MapleLCMDistChronoBT-DL-v3 [12] is based on the winner of the 2018 SAT competition, MapleLCMDistChronoBT [36], and augmented with duplicate learnt heuristic. In particular, Kochemazov et al. [12] improved the three-tier clause management by persisting additional clauses through the hash-based detection of repeatedly learnt clauses. They presented their solver MapleLCMDistChronoBT-DL-v3 in the 2019 SAT Race.
Relaxed_LCMDCBDL_newTech, a relaxed variant of MapleLCMDistCBT-DL, was first introduced in the 2020 SAT competition [15]. Basically, the idea is to relax the backtracking by protecting promising partial assignments from being pruned. Specifically, during the search, whenever a node corresponding to a promising assignment is reached, the algorithm enters a non-backtracking stage (under some conditions); this leads to a complete assignment, which is fed to an SLS solver to search for a solution nearby. In the 2021 SAT competition, its variant LSTech [37] showed a good performance especially on satisfiable instances [37].
The CDCL solver Kissat [34] is another popular base SAT solver that placed first in the 2020 SAT competition main track. Kissat is a low-level re-implementation of CaDiCaL that features improved data structures, better scheduling of inprocessing, and optimized algorithms and implementation. One configuration of Kissat is Kissat_SAT that targets satisfiable instances. Kissat_SAT is the base solver of Kissat_GB [38] and Kissat is the base of Kissat_MAB [39]. Kissat_GB bumps the variables based on glue centrality of glue variables. Kissat_MAB was augmented with the CHB decision heuristic as specified in [13]. The solver incorporates a reinforcement learning technique under the Multi Armed Bandit (MAB) framework that combines the VSIDS and the CHB branching heuristics by adaptively choosing the relevant heuristic at each restart using the Upper Confidence Bound (UCB) strategy.
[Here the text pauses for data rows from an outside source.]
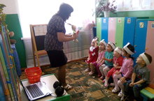 В первой младшей группе дети изучают родной язык (Гатина Г.Г.). К ним в гости пришел зайчик, поиграл с ними в игру "Собирай морковку", смотрели анимационный сюжет. Дети спели для зайчика песенку "Ак куян" (Белый заяц). Малышам очень нравится занятия, они с удовольствием поют песенки, играют и учатся говорить на родном языке.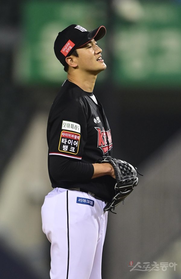 19일 서울 잠실야구장에서 열린 ‘2022 신한은행 SOL KBO리그’ LG 트윈스와 KT 위즈의 경기에서 6회말 LG에게 몸에 맞는 볼로 주자를 출루시킨 KT 고영표가 아쉬워하고 있다.
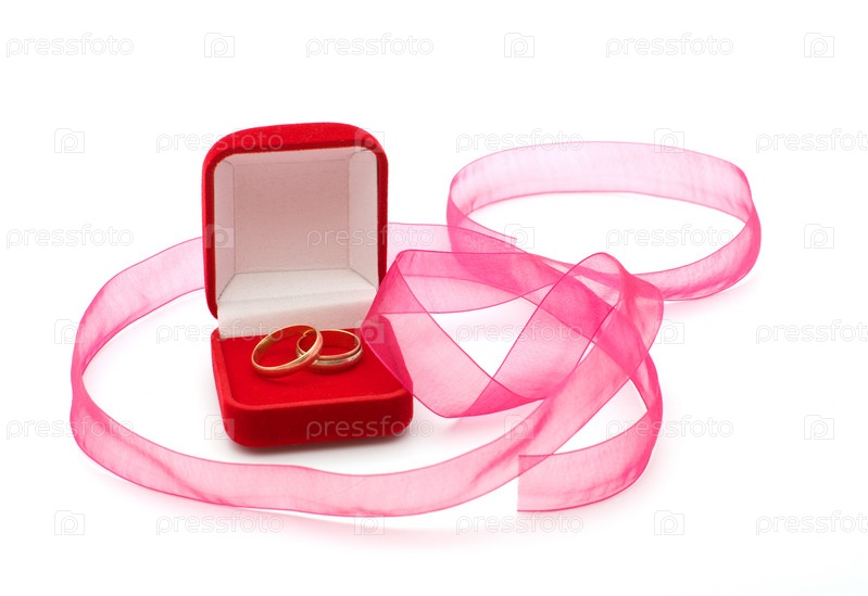 Обручальные кольца в красной коробке и розовая ленточка на белом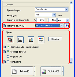 ![]() | Utilize a opção Tamanho do Alvo para especificar o tamanho de saída da imagem digitalizada. Efectue igualmente as definições de ajuste, se necessário. (é possível que tenha de arrastar a barra de deslizamento para ver a parte inferior do ecrã). Para mais informações, consulte Criar Reproduções de Qualidade. |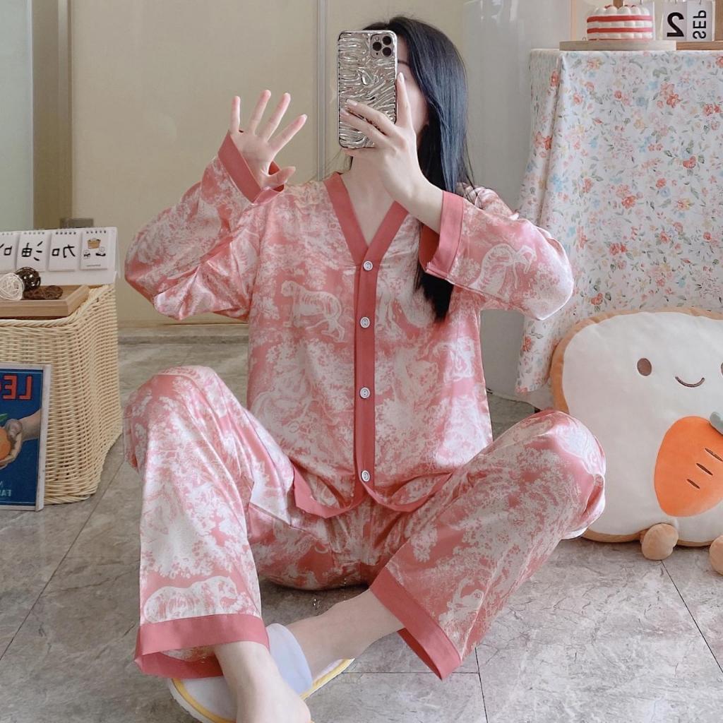 MyLadiesShop - MLS004 - Baju Tidur Wanita Piyama Satin Lengan Panjang Motif Trendy Super Adem Nyaman

3.2. Algorithms for Computing Backbones and Backdoors

Throughout the literature, many algorithms for backbone computation have been proposed. To begin with, Kaiser and Küchlin [40] proposed three backbone computation algorithms based on model enumeration and SAT testing. To compute backbones, Climer and Zhang [41] proposed a graph reduction technique called limit crossing. Janota et al. [26] computed backbones based on enumerating implicants and iterative SAT testing and optimizations with calls to a CDCL SAT solver. The work of Previti and Järvisalo [42] follows the idea of enumerating implicants in [26], but it differs in terms of using a CDCL SAT solver with preferences. Zhang et al. [43] suggested three sets of filtering optimization heuristics to improve the performance of the iterative SAT testing method for backbone computation. Dequen and Dubois [24] introduced a heuristic for backbone computation. The heuristic was incorporated into the DPLL solver, kcnfs, to encourage branching on backbone variables. Experimental results indicated that kcnfs performed well on random k-CNF formulas [5]. Wu [44] applied machine learning to optimize the values of the branching variables in MiniSat [32]. Experimental results confirmed that the solver managed to set on average 78% of the backbones correctly. The solver did reduce conflicts; however, the long preprocessing time outweighed the decrease in runtime.
Many algorithms for backdoor computation have been proposed in the literature. Williams et al. [18] computed strong backdoors in several industrial instances. Experimental results indicated that the size of the backdoor is close to zero. The authors also investigated the relatedness between backdoors, restarts, and the heavy-tailed distribution phenomena. They suggested that backdoors with sizes near-zero lead to runtime distributions that are lower bounded by heavy tails. This led Williams et al. [18] to hypothesize that SAT solvers that are effective in solving industrial SAT instances exploit backdoors. Kilby et al. [20] concluded that strong backdoors seem to be correlated with problem hardness on random 3-CNF formulas, whereas this was not observed for weak backdoors. Gregory et al. [21] studied weak backdoors for random and crafted instances. They observed that backdoor values for crafted instances are close to zero. Moreover, the authors discovered that when clause learning is enabled, the average backdoor size decreases. This is of interest because modern CDCL solvers implicitly exploit the backdoor structure. Zulkoski et al. [19] computed weak backdoors for all SAT categories on benchmark instances from 2009–2014 SAT competitions. Experiments concluded that weak backdoors are hard to compute and small for all instance categories. Dilkina et al. [45] extended traditional backdoors to LS backdoors to take advantage of clause learning [29] during the search performed by a CDCL SAT solver. Experiments showed that LS backdoors are exponentially smaller than traditional strong backdoors on mixed integer programming SAT instances [46]. Overall, experiments on instances from all SAT categories have reported a near-zero backdoor size. Zulkoski et al. [19] extended the notion of LS backdoors to allow restarts by introducing the concept of LSR backdoors. The results confirmed that industrial instances indeed appear to have smaller LSR backdoor sizes compared to random instances. Zulkoski et al. [19] observed that the number of LSR backdoors that have been computed are of twice the instances of weak backdoors. Zulkoski et al. [19] concluded that LSR backdoor sizes are larger compared to weak backdoors. However, weak backdoors are harder to compute.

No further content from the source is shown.